== SUPPLIED INFORMATION ==
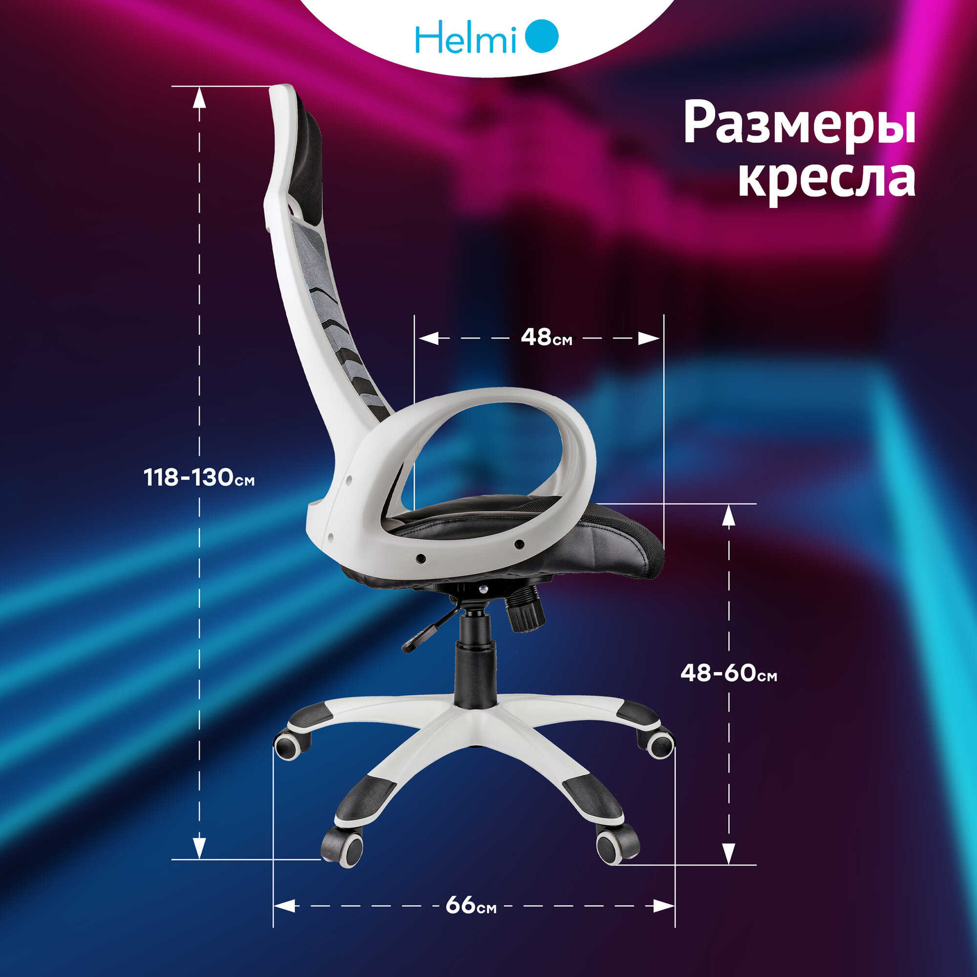 Кресло игровое Helmi "Podium", ткань сетка, экокожа черная, пластик белый (274810)
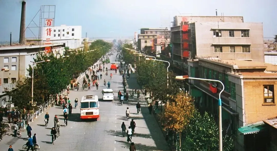 这条笔直的大路叫大西街,两边梧桐拉成阵,路中间红白相间的公交一拐一拐,商场招牌“万华”立在屋顶,彼时买块呢料回家让裁缝做套中山装,走在这条街上挺精神。
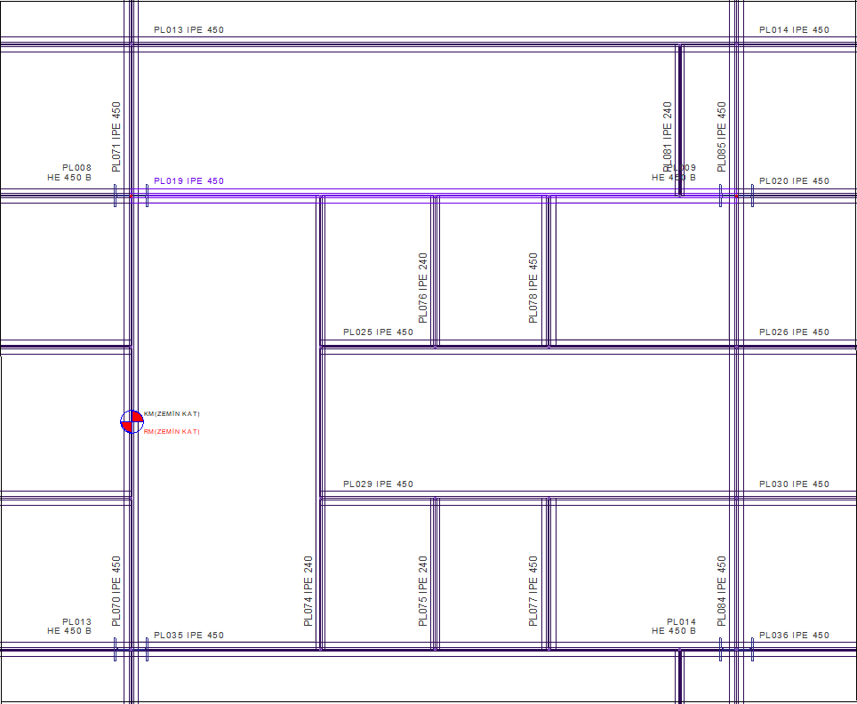 Design strength check of the steel beam named PL019 is done under the most unfavorable internal forces as a result of general analysis determined according to TBDY 2018 9.3.1.4. The material and section information of the beam is as follows:
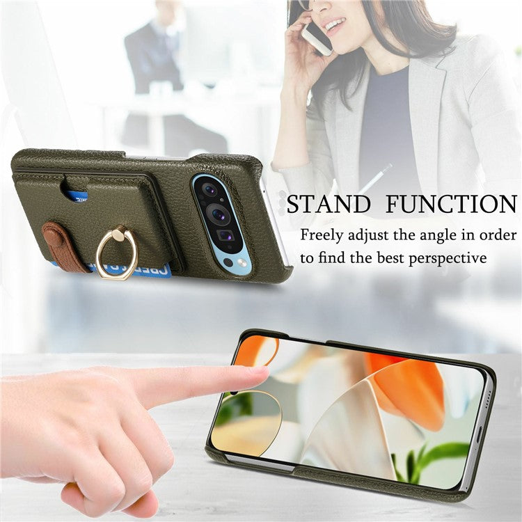 For Google Pixel 9 Pro XL Case Ring Holder Kickstand Card Slot Leather Phone Back Cover - Green

== TASK BRIEF ==
All of the data should be returned word for word, with each picture left out.

== YOUR SOLUTION ==
 Кресло игровое Helmi "Podium", ткань сетка, экокожа черная, пластик белый (274810)
 这条笔直的大路叫大西街,两边梧桐拉成阵,路中间红白相间的公交一拐一拐,商场招牌“万华”立在屋顶,彼时买块呢料回家让裁缝做套中山装,走在这条街上挺精神。
 Design strength check of the steel beam named PL019 is done under the most unfavorable internal forces as a result of general analysis determined according to TBDY 2018 9.3.1.4. The material and section information of the beam is as follows:
 For Google Pixel 9 Pro XL Case Ring Holder Kickstand Card Slot Leather Phone Back Cover - Green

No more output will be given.